Hoje de manhã desci as escadas do
meu prédio e, quando abri a porta da rua, dei de caras com uma máquina
fotográfica com um turista acoplado. Fiz o meu melhor sorriso para o passarinho
e segui para o meu destino.
Na minha mente a pergunta
levitava: o que tem de fotografável a porta do meu prédio? E depois percebi.
Estes turistas estão tão apaixonados por Lisboa, que acham todos os seus
detalhes adoráveis. Até uma porta verde, feia e um pouco suja, sem batente e
com um puxador muito normal, pode ser encantadora aos olhos de um turista
embevecido.
Turista que é turista fotografa
sem parar. Turista que é turista fotografa até sem ver. Leva Lisboa dentro da
máquina e, quando chegar a casa, vê tudo com mais calma. Porém, se prestarmos
atenção aos alvos dos seus disparos vamos descobrir novas Lisboas dentro desta
Lisboa que afirmamos a pés juntos conhecer como as palmas das nossas mãos.
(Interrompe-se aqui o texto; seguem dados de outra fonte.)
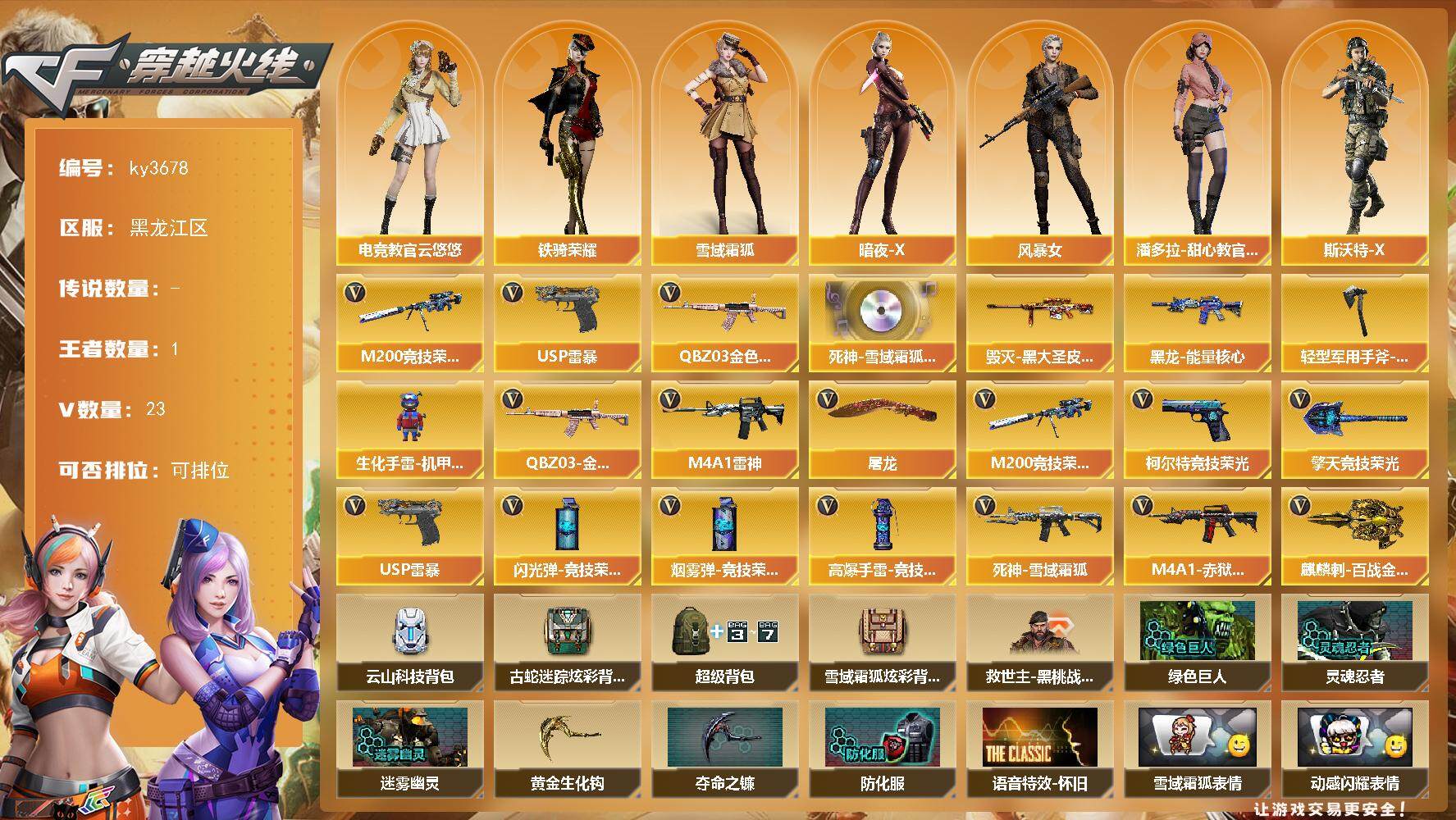 [13951728]黑龙江区-23V-1王者-0炫金 【热门武器】:QBZ03-金色蔷薇,M200-竞技荣光,USP-雷暴 【音效卡】:死神-雪域霜狐-怀旧音效卡 【皮肤】:毁灭-黑大圣皮肤,黑龙-能量核心,轻型军用手斧-再燃火线 【角色】:电竞教官-云悠悠,雪域霜狐,暗夜-X,风暴女,潘多拉-甜心教官,斯沃特-X,铁骑荣耀,樱-战斗天使 【人偶武器】:生化手雷-机甲核心 【英雄级武器】:M4A1-雷神,死神-雪域霜狐,QBZ03-金色蔷薇,M200-竞技荣光,USP-雷暴,柯尔特-竞技荣光,屠龙,擎天-竞技荣光,麒麟刺-百战金芒,高爆手雷-竞技荣光*4,闪光弹-竞技荣光*4,烟雾弹-竞技荣光*4,M4A1-赤狱骑士 【道具】:云山科技背包,古蛇迷踪炫彩背包,超级背包,雪域霜狐炫彩背包,救世主-黑桃战神,黄金生化钩,绿色巨人,灵魂忍者,迷雾幽灵,夺命之镰,防化服*3,语音特效-怀旧,雪域霜狐表情,动感闪耀表情,防弹头盔*3,防弹衣*3,C4工具钳*3,手雷包*3 【特殊枪械】:

Para além do postal tradicional
do Eléctrico 28 a passar nas Escolas Gerais, do Castelo ou da Torre de Belém,
eles vêem maravilhas nos feitios das pedras da calçada ou no vidro partido da
janela de um prédio abandonado. A placa velha com o nome da rua, a manta
coberta de bugigangas na Feira da Ladra, as ervas a crescerem nos telhados dos
prédios, o contentor das obras apinhado de portas que nunca mais se voltam a
abrir, nem a fechar, a parabólica agarrada à parede mesmo ao lado da varanda de
ferro forjado, as montras de peixe fresco na Rua dos Correeiros, as montras de
peixe seco na Rua do Arsenal.
E mesmo quando Lisboa acorda
despenteada e com os olhos inchados, eles continuam suspirando e fotografando os
azulejos partidos e sujos nos prédios que ameaçam tombar, o candeeiro torto no
Jardim da Estrela, a poça de água que reflecte o prédio pombalino quando faz
sol depois da chuva. E vão seguindo e bisbilhotando os vãos de escadas cujo
cheiro a bafio quase se sente só de ver, a senhora que vigia a carne no assador
ali numa rua de Alfama, a janela entreaberta de um rés-do-chão do Bairro Alto
por onde se espreita o sofá com o naperon na cabeceira e a televisão com o
jarrinho de flores de plástico em cima. O velhote a dormitar ao sol ou a
criança a correr atrás das pombas.
Estes turistas são danados. Deixam-nos
envergonhados com os assombros desta cidade que levam na bagagem e que nós não
chegamos a ver. Deixam-nos invejosos por conhecerem uma cidade onde nós nunca
vamos porque somos parte dela. Mas basta seguir as objectivas das suas máquinas
fotográficas ou ver para onde aguçam a câmara dos seus telemóveis e logo encontraremos
novidades de pasmar desta nossa velha desconhecida Lisboa.